=== What you will do ===
Take the records below and extract, word for word, the lines from the one containing "1820 Derby | |" through the final line, inclusive. Omit pictures.

**** Source material ****

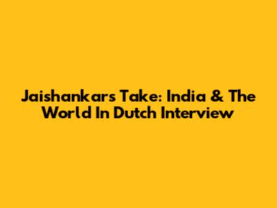 Jaishankar's Take: India & The World In Dutch Interview
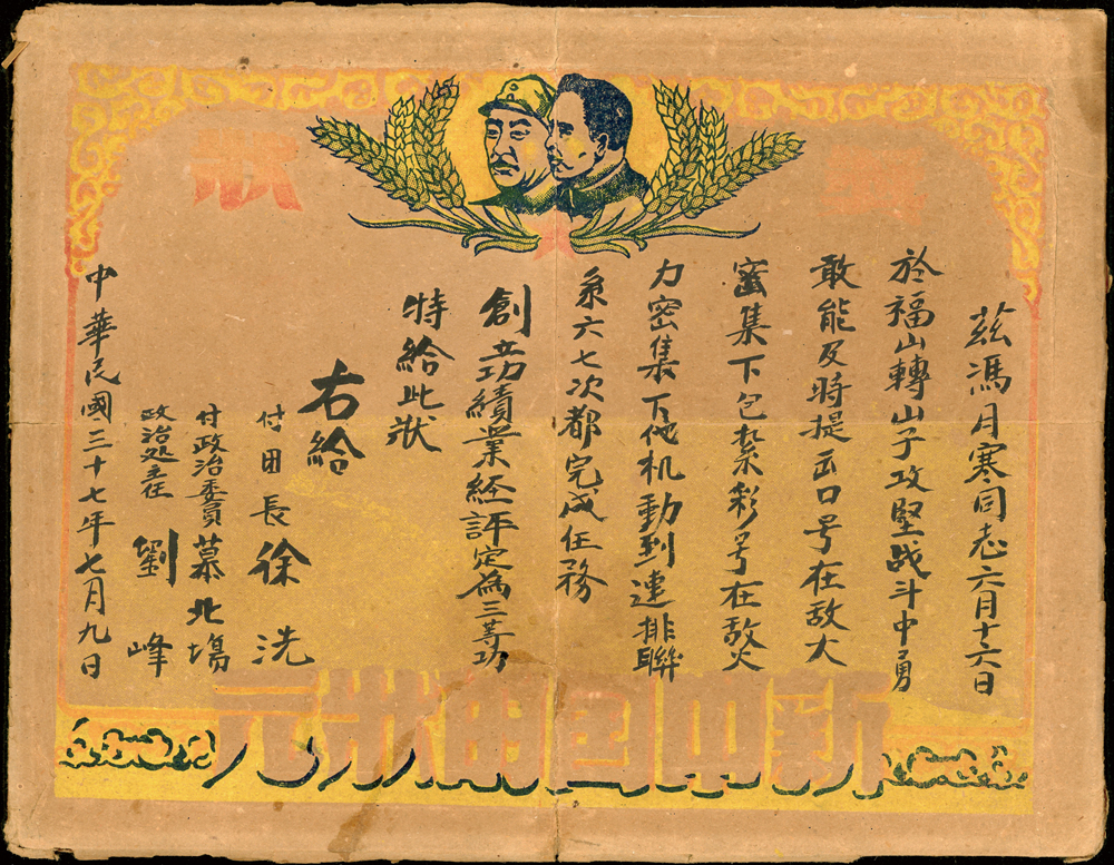 雜項與文獻分類 大清郵政 1911年以前清代~文獻(1113-1124)清代~臺灣文獻(1125-1135)印花稅票及集郵文獻印花稅票及單據(6366-6380)集郵文獻~華郵出版品(6381-6576)雜項收藏及幣鈔文獻幣鈔文獻~台灣及大陸出版品(8784-8794)雜項收藏~電話卡/紙質文獻(8795-8807)雜項收藏~國共內戰(8808-8816)雜項收藏~古籍善本(8817-8824) 大清郵政 1911年以前 ↳清代~文獻(1113-1124) ↳清代~臺灣文獻(1125-1135)印花稅票及集郵文獻 ↳印花稅票及單據(6366-6380) ↳集郵文獻~華郵出版品(6381-6576)雜項收藏及幣鈔文獻 ↳幣鈔文獻~台灣及大陸出版品(8784-8794) ↳雜項收藏~電話卡/紙質文獻(8795-8807) ↳雜項收藏~國共內戰(8808-8816) ↳雜項收藏~古籍善本(8817-8824) 點圖放大展示 1948年『獎狀』(22.8*18cm)一件,上方朱德及毛澤東像,貼於硬紙板上,內容為表揚馮同志攻堅戰中勇敢表現,60新(Page 93) 結標時間 2025-12-16 14:29:40 拍品編號:8810 起拍價:NT$100 當前價:NT$100 自動出價 直接出價 出價 系統將按出價級數,依序為您比(出)價至上限金額 提醒您:直接出價後不可將金額改低,只能改高,蟠龍無法降低您的出價,最高出價者無法取消出價 (查看出價說明) 得標說明:需按得標價另加10%佣金 當前加價幅度:NT$0元 (查看加價級數表) 回上頁 線上出價記錄 線上 0 人次,書面 0 人次 競價客戶 所在地 出價時間 出價金額 出價方式 問與答 目前尚無提問 我要提問 請先登入會員
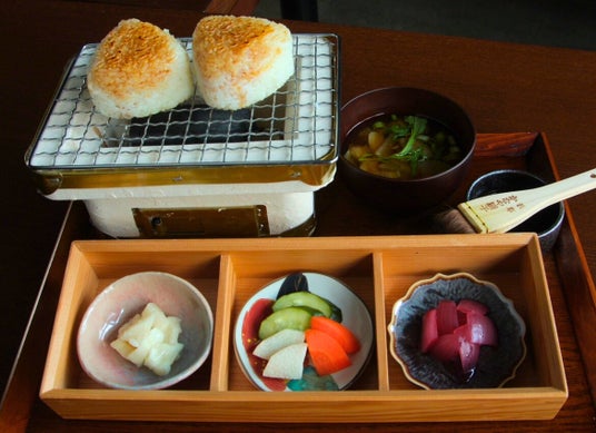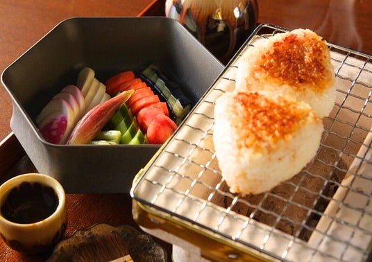 お漬物と焼きおにぎりのお膳仕上げには、河村屋の看板商品「大福神漬け」の特製タレを香ばしく塗り、
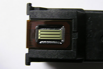 И так что же значит ошибка E28 для устройств начиная с MP140 и P08 начиная с MP240? Если не вдаваться в подробности — это означает перегрев одного из картриджей. Обычно в данных устройствах речь идет о цветном картридже, так как в нем намного чаще выгорают сопла чем в черном. Перед тем как объяснить почему это происходит хочу очень упрощенно рассказать о принципе термоструйной печати устройств Canon. Чернила попадают в сопла картриджа (трубки неразличимые невооруженным глазом). В соплах находятся термоэлементы которые нагревают чернила. При нагреве чернила выстреливают на бумагу. Чернила также выступают в роли охладителя. При отсутствии чернил термоэлементы нагреваются, происходит перегрев сопел и они разрушаются — выгорают. И так если устройство выдало данную ошибку то вам возможно повезло и сопла еще не успели выгореть. В таком случае рекомендуется сразу же заправить оба картриджа и запустить глубокую прочистку устройства, после чего распечатать тест-лист.
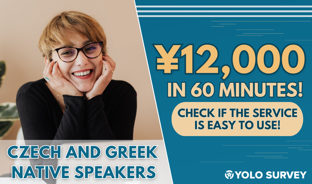 YOLO JAPAN is looking for people who are native speakers of Czech or Greek, who can also speak and understand Japanese fluently, to help test products and services under development of Japanese companies.
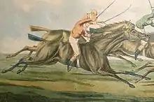 ![]() Engraving of Pindarrie (foreground) running in the 1820 Derby | |
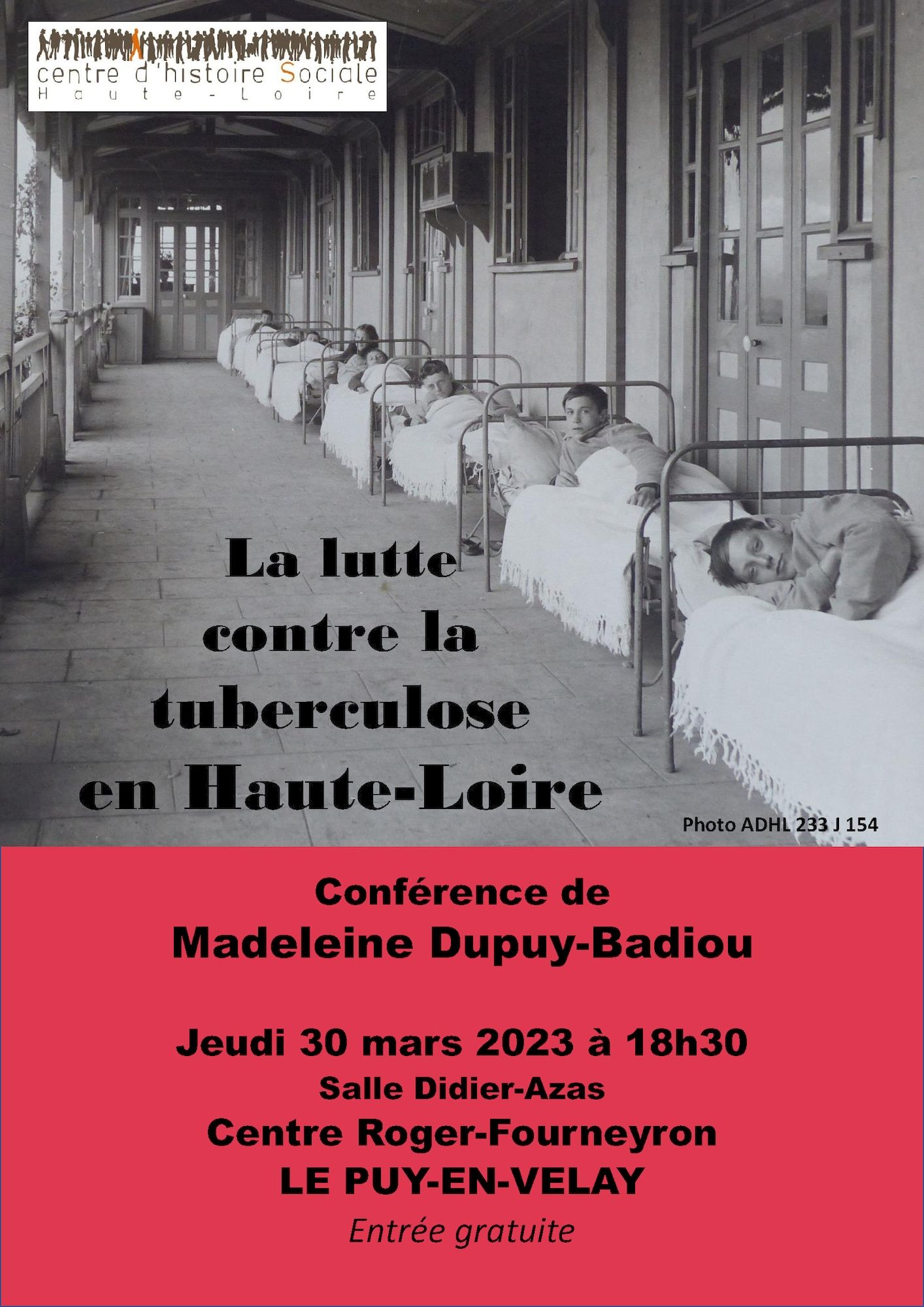 - La prochaine conférence du Centre d'Histoire Sociale Haute-Loire, animée par Madeleine Dupuy-Badiou, a pour thème et titre La lutte contre la tuberculose en Haute-Loire. Rendez-vous jeudi 30 mars 2023 à 18h30 à la salle Didier Azas au Centre Roger Fourneyron du Puy-en-Velay.

****

=== Solution to the problem ===
 ![]() Engraving of Pindarrie (foreground) running in the 1820 Derby | |
 - La prochaine conférence du Centre d'Histoire Sociale Haute-Loire, animée par Madeleine Dupuy-Badiou, a pour thème et titre La lutte contre la tuberculose en Haute-Loire. Rendez-vous jeudi 30 mars 2023 à 18h30 à la salle Didier Azas au Centre Roger Fourneyron du Puy-en-Velay.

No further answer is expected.